Application deadline date has been passed for this Job.
Job Description
Job Description
Our client is an Information Technology & Services company offering products and services such as telecom, AI, customer relationship management platform and more. They are looking for an experienced DevOps Engineer as a lead role for their DevOps environment with his experiences, best practices, and a collaborative attitude to help drive DevOps initiatives. The responsibilities include both managing and building processes for automation as well as contributing to the development of internal tools to achieve operational efficiency.
Job Responsibilities
- Develop automation flows that enable fast delivery and replace manual operating procedures wherever they exist to enable self-service operations
- Drive analysis, design, and development of automation tools for deployment, development, and operational tasks
- Deploy & operate Kubernetes clusters
- Maintain AI infrastructure clusters
- Maintain models training infrastructure (GPU clusters)
- Lead architectural improvements and evaluate new technologies
- Maintain and enhance our CI/CD pipelines
- Deploy & manage monitoring/observability infrastructure for staging & production level systems and services
- Prioritize requests from operations & engineering teams fairly while demonstrating a sense of empathy
- Make sure new environments meet requirements and conform to best practices
Requirements
- 2+ years’ experience within hands-on technical DevOps/Cloud engineering
- Good knowledge of Python or Golang
- Infrastructure as Code experience (Terraform, CloudFormation, etc)

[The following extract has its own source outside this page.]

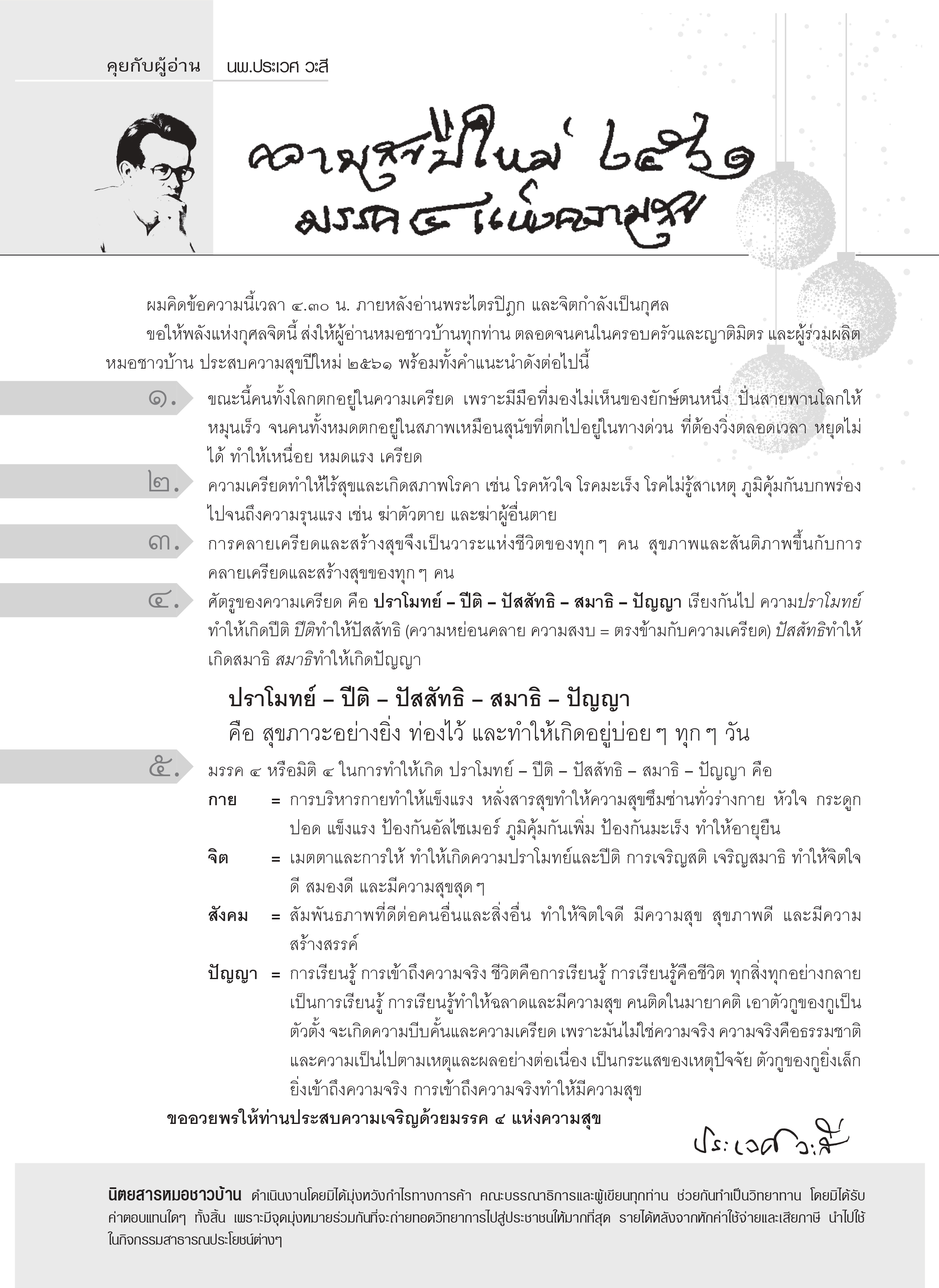 คุยกับผู้อ่าน: ความสุขปีใหม่ 2561 มรรค 4 แห่งความสุข (นิตยสารหมอชาวบ้าน ฉบับที่ 465 เดือน มกราคม พ.ศ. 2561)

- Experience with Kubernetes deployment patterns and tools such as Helm, Kustomize and Operators
- Experience utilizing DevOps tool chains including Jenkins, Docker, Nexus, SonarQube, GitHub
- Experience with tools used for observability such as Elasticsearch, Kibana, Grafana, Prometheus, Jaeger etc.
- Experience with SQL & NoSQL databases such as PostgreSQL and MongoDB
- Exposure to Agile environments (use of Jira/Confluence, sprints, etc.)
- Enterprise level experience
- Great communication skills and team player mentality
- Interest in AI projects
Desirable
- Experience with event steaming tools (i.e. Apache Kafka) and architecture patterns
- Experience with OLAP architectures
- Understanding of network engineering and security principles (e.g. protocols, routing, switching, filtering, firewall rules, etc.)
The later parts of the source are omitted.